The Office of Cancer Genomics (OCG), along with the Office of HIV and AIDS Malignancies (OHAM), initiated the HIV+ Tumor Molecular Characterization Project (HTMCP) to gain insight into the genetic events driving HIV-associated cancers and to determine why certain cancers, but not others, have higher incidences in HIV-positive patients. The molecular characterization data from patients identified through HTMCP will be available to the research community worldwide in a publicly available, yet patient privacy-protected database.
Acquired immunodeficiency syndrome (AIDS) is a complex and devastating disease caused by infection with human immunodeficiency virus (HIV). The advent of highly active anti-retroviral therapy (HAART) has considerably slowed disease progression from HIV to full-blown AIDS, thereby increasing the number of people living with HIV. Despite this success in survivorship, certain types of cancers are becoming more prevalent in the expanding pool of HIV-infected individuals.
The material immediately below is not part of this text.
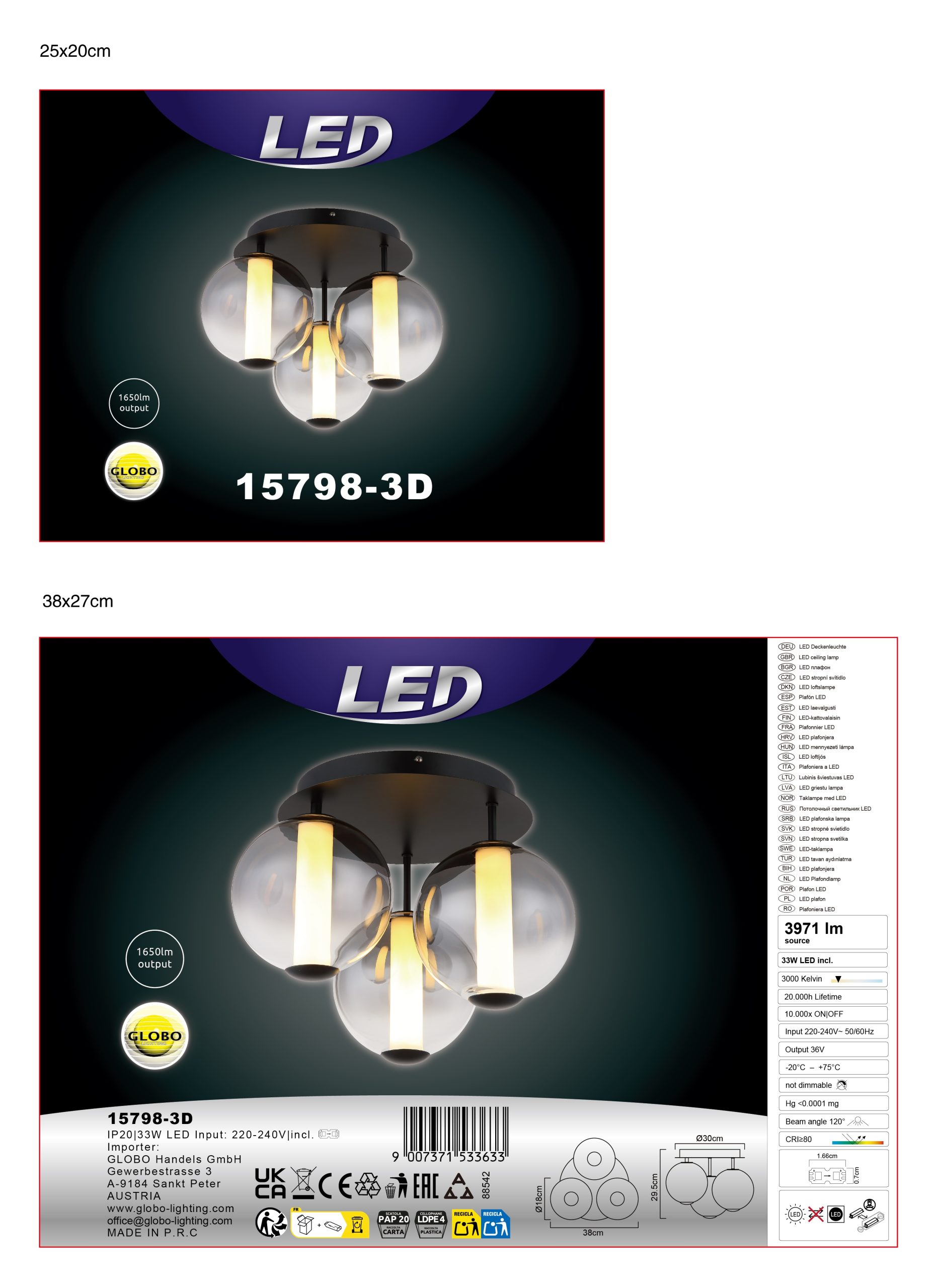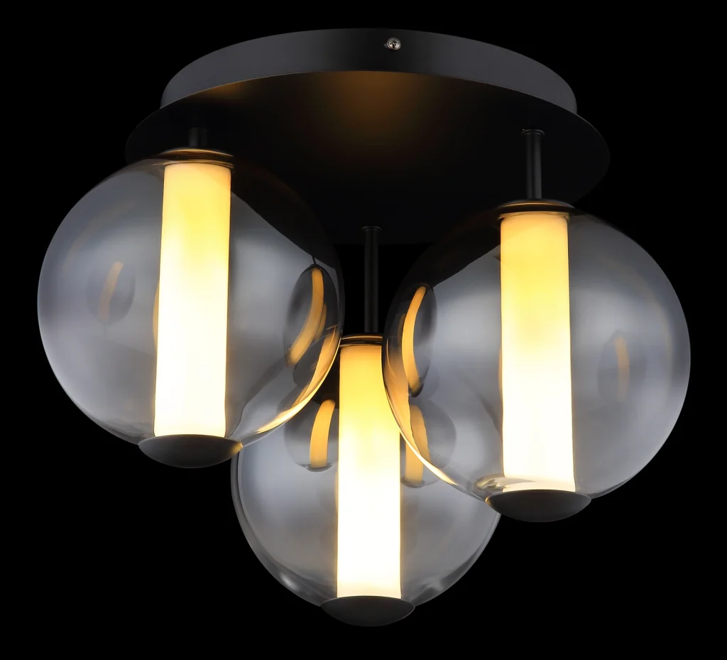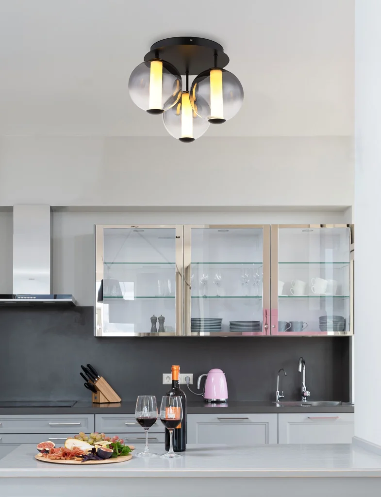 Plafonska lampa LACY kombinuje moderan dizajn sa funkcionalnim osvetljenjem. Telo napravljeno od mat crnog metala obezbeđuje elegantan i bezvremenski izgled, dok tri staklene kuglice unutra sa akrilnim cilindrima omogućavaju nežnu difuziju svetlosti. Dimljene staklene kuglice i opalni akrilni abažur stvaraju prijatnu atmosferu osvetljenja koja se savršeno uklapa u svako moderno životno okruženje. Sa prečnikom od 380 mm, lampa je idealne veličine za male do srednje velike prostorije. Integrisana LED tehnologija obezbeđuje potrošnju energije od samo 1650 lumena na temperaturi boje od 3000 K, što garantuje prijatno, toplo belo osvetljenje. Lampa LACY nije samo vrhunac u vašoj sobi, već je i izuzetno energetski efikasna. Dolazi sa ugrađenim LED sijalicama, tako da vam nisu potrebne dodatne sijalice. Idealna za dnevne sobe, hodnike ili trpezarije.

This poses a challenge to global health, since at the end of 2017 approximately 36.9 million people were living with HIV worldwide (25.7 million in Sub-Saharan Africa and over 1.1 million in the US, according to the UNAIDS, World Health Organization, and HIV.gov). While co-infecting viruses and, possibly, immunodeficiency may play a role in the pathogenesis of HIV-associated cancers, our understanding of its etiology is inadequate. Understanding the molecular causes of these tumors may translate into improved therapies for a growing population of patients doubly afflicted with HIV and cancer.
HTMCP is an ongoing project; diffuse large B-cell lymphoma (DLBCL) and lung cancer projects are currently in Phase II of the timeline. Cervical cancer project is in Phase IV of the timeline.